Now, Pichai has officially declared an end to this brief stint of self-imposed austerity. In a blog post released on Thursday, Pichai revealed Google’s sizable investment plans for 2021, which aim to significantly expand its data centre footprint across the US, as well as increase the number of offices it owns and the number of employees who work in them.
The plan, Pichai explained, is to invest more than $7bn in the expansion of Google’s data centre network and offices throughout the US this year, which comes alongside a pledge to grow the company’s staff by 10,000.

Courtesy of Alphabet, Inc
“We’re increasing our investment in our South Carolina data centre, establishing our newest Cloud engineering site in Durham, North Carolina, and opening the first US Google Operations Centre in Southaven, Mississippi.

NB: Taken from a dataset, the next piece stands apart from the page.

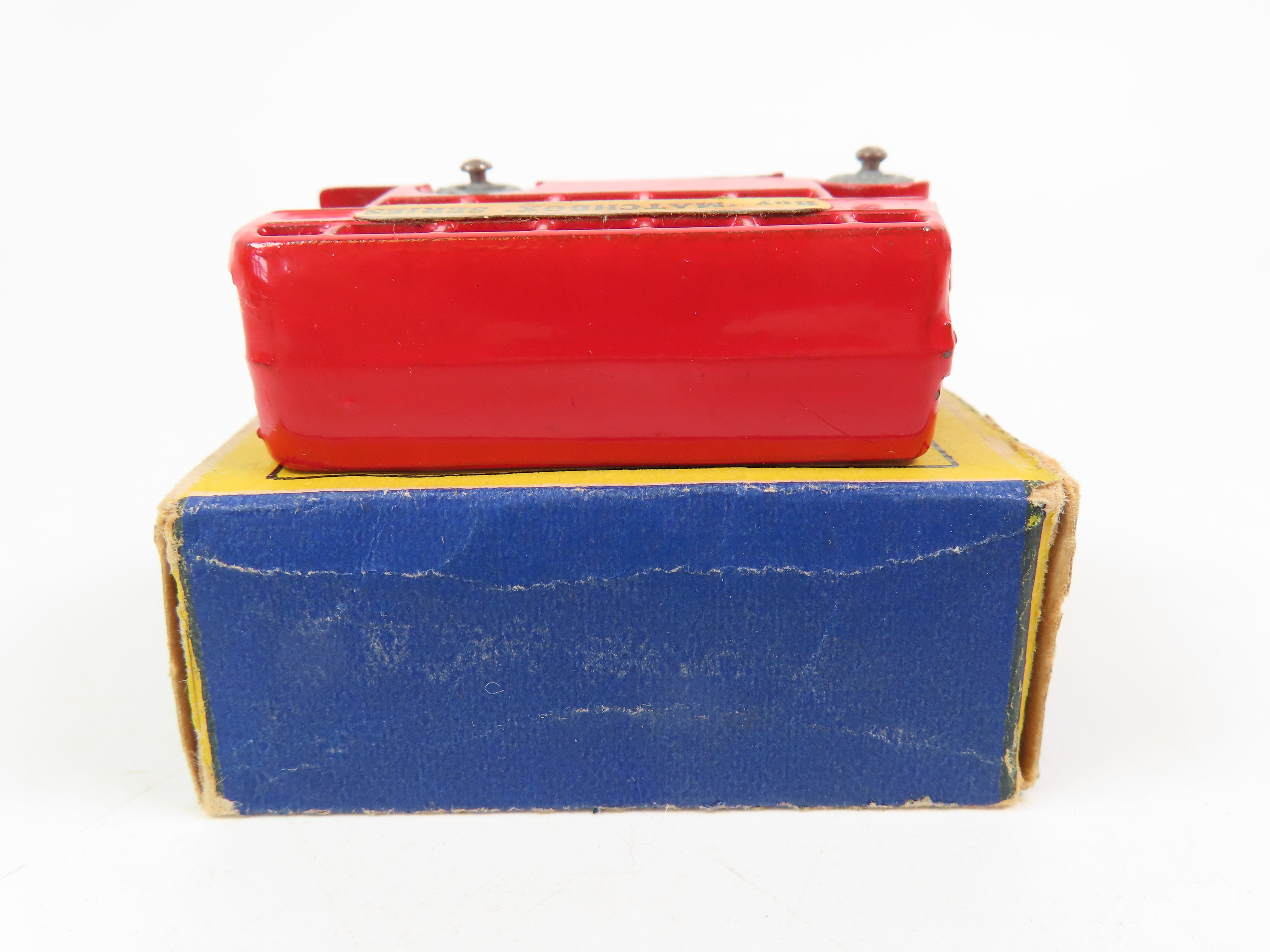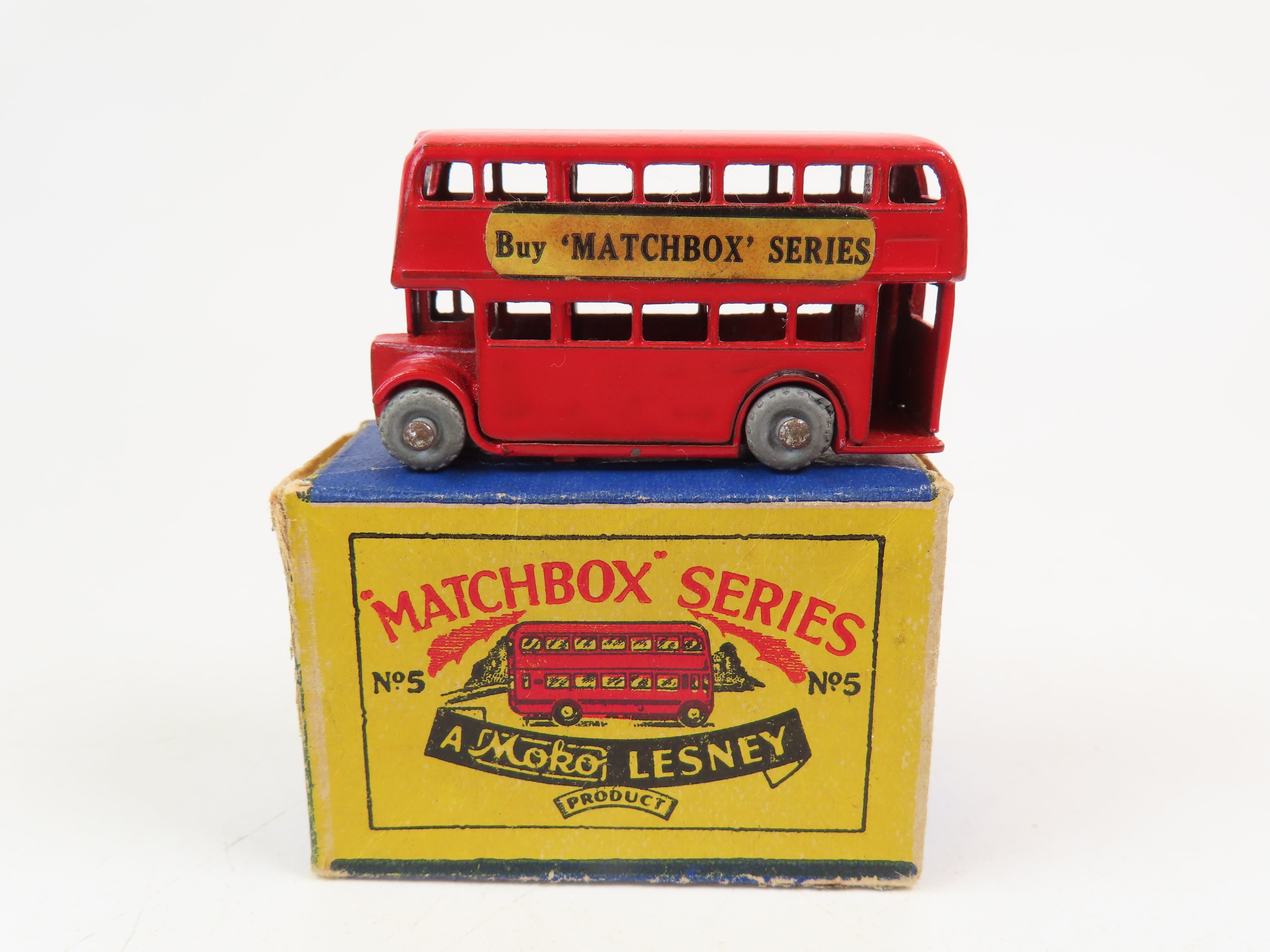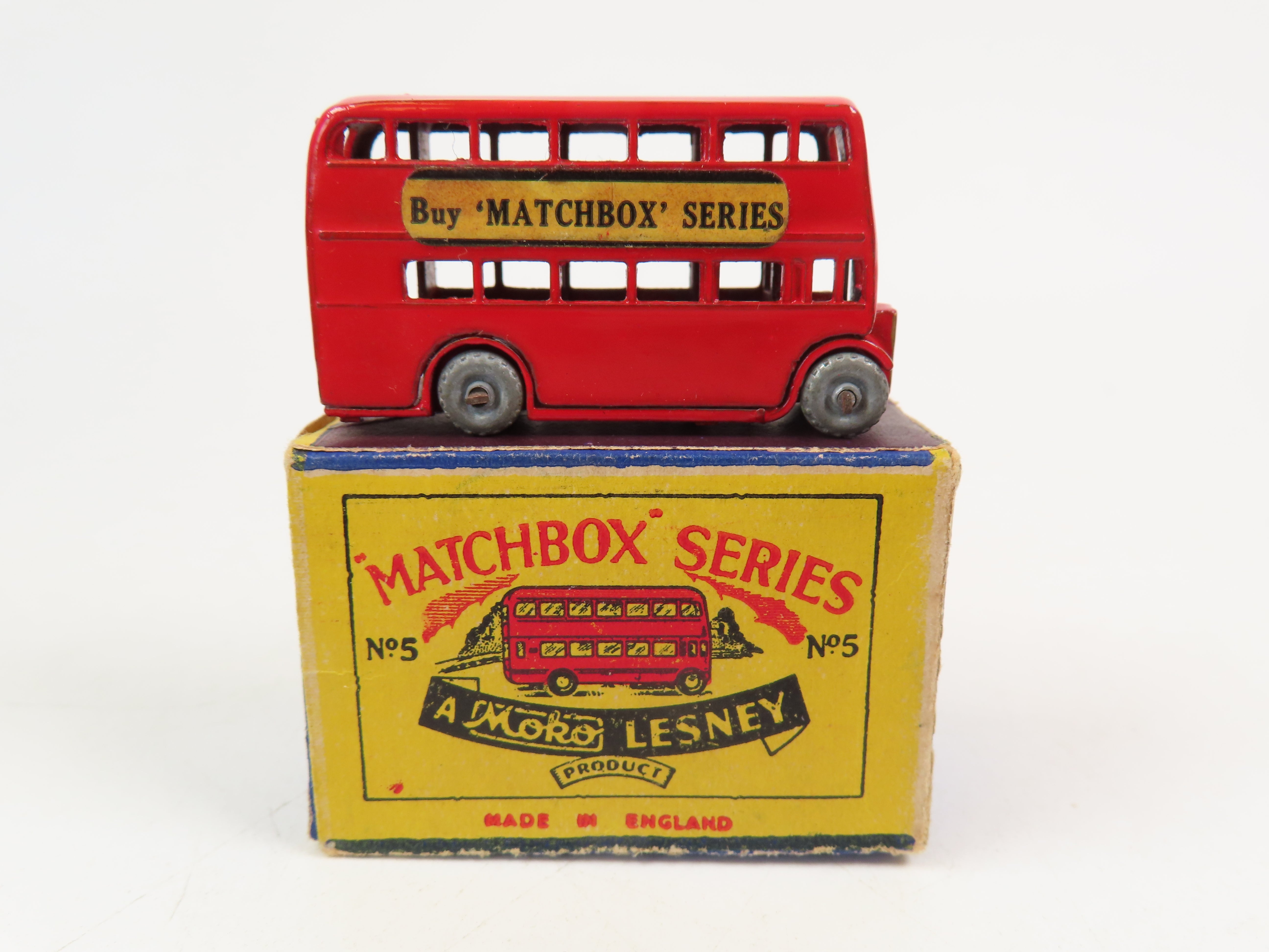 Matchbox No.5 London Bus in bright red, with gold painted grille, 'Buy Matchbox Series' decals and metal wheels,

Our existing data centre sites in Nebraska, Ohio, Texas and Nevada will be fully up and running in 2021,” wrote Pichai, adding that, not only will the data centres themselves create new jobs in the construction and engineering sectors, but the services they support will “make it possible to provide products and services that help boost economic recovery.”
In 2020, Google Search, Google Play, YouTube and Google advertising tools reportedly helped create around $426bn worth of economic activity which impacted over 2mn American businesses, nonprofits, publishers, creators and developers.
He added: “In 2018 we made a commitment to double our workforce in New York by 2028, and this year, we will continue to invest in building out our campus presence to meet that goal. We’ll continue to invest in our Cambridge, Massachusetts, and Pittsburgh, Pennsylvania offices, as well as increase our workforce in Washington, DC.”